Actually, I don't have Absolute Faith in Military Medals &
Awards, just a moderate respect for them. COs get a
certain amount of egoboo and Brownie Points from having
a large number of the troops under their command who
have such citations, so they tend to write-up their
recommendations in (largely formulaic) words that make
the actions sound as impressive as possible, perhaps even
stretching or bending the truth a little. But in my
experience they were always careful to avoid outright
falsehoods. I'm reasonably certain the higher-level
Reviewing Officers check facts carefully, and disallow any
applications that they find the least bit questionable.
Re: Purple Hearts
I confess to disliking the way this Award has become a
catch-all to cover both serious wounds and trivial minor
injuries, but that _does_ seem to be its intended nature.
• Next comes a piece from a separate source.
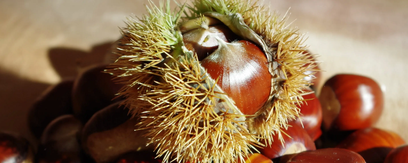 板栗的外形呈总苞球形,外面生尖锐被毛的刺,锐刺有长有短,有疏有密,密时全遮蔽壳斗外壁,疏时则外壁可见,内藏坚果2-3个,成熟时外壳裂为4瓣,栗果脱落。坚果紫褐色,被黄褐色茸毛,或近光滑,果肉淡黄。

(Rumor had it, in the '50s, that the medal itself, with
attendant ribbon, cost about seventeen cents to make, and
I'd wager that more than one G.I. has expressed a
preference, perhaps not entirely seriously, for getting the
money instead.)
On a more personal level.... I do not in the least regret the
action I took, while a Medic with the 40th Division in
Korea c. 1952, to help prevent the Purple Heart from being
excessively (in my opinion) degraded. A young
replacement Lieutenant, fresh out of OCS, came to me for
treatment of an injury -- removal of a small splinter of
wood from his left upper-arm. It was the kind of thing
most people would take care of themselves, or that I might
do without writing it up, but he insisted on having all the
formal paperwork done ... and made the mistake of
mentioning the words "Purple Heart" in a seriously eager
tone of voice.
The removal of the splinter might not have been quite as
gentle as was within my power, but I was scrupulously
meticulous in recording all the details on the proper
Forms -- something like "splinter of wood, approx. 2
inches long & 1/16 in. in diameter at the widest part ...
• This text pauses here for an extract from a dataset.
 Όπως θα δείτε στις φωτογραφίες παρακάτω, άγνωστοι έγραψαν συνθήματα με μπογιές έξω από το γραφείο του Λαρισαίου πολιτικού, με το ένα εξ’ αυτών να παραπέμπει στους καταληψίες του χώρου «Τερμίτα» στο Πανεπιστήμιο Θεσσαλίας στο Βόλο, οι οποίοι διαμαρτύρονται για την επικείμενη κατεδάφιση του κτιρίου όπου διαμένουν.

injury incurred incidentally when patient dove into
bunker upon hearing the whine of incoming mortar
rounds (which landed several hundred yards away) and
brushed against the rough wood of the door-post". Yes, I
used the word "incidentally", and indirectly (but clearly)
indicated that the splinter was not secondary shrapnel
from an exploding round, with some malice aforethought.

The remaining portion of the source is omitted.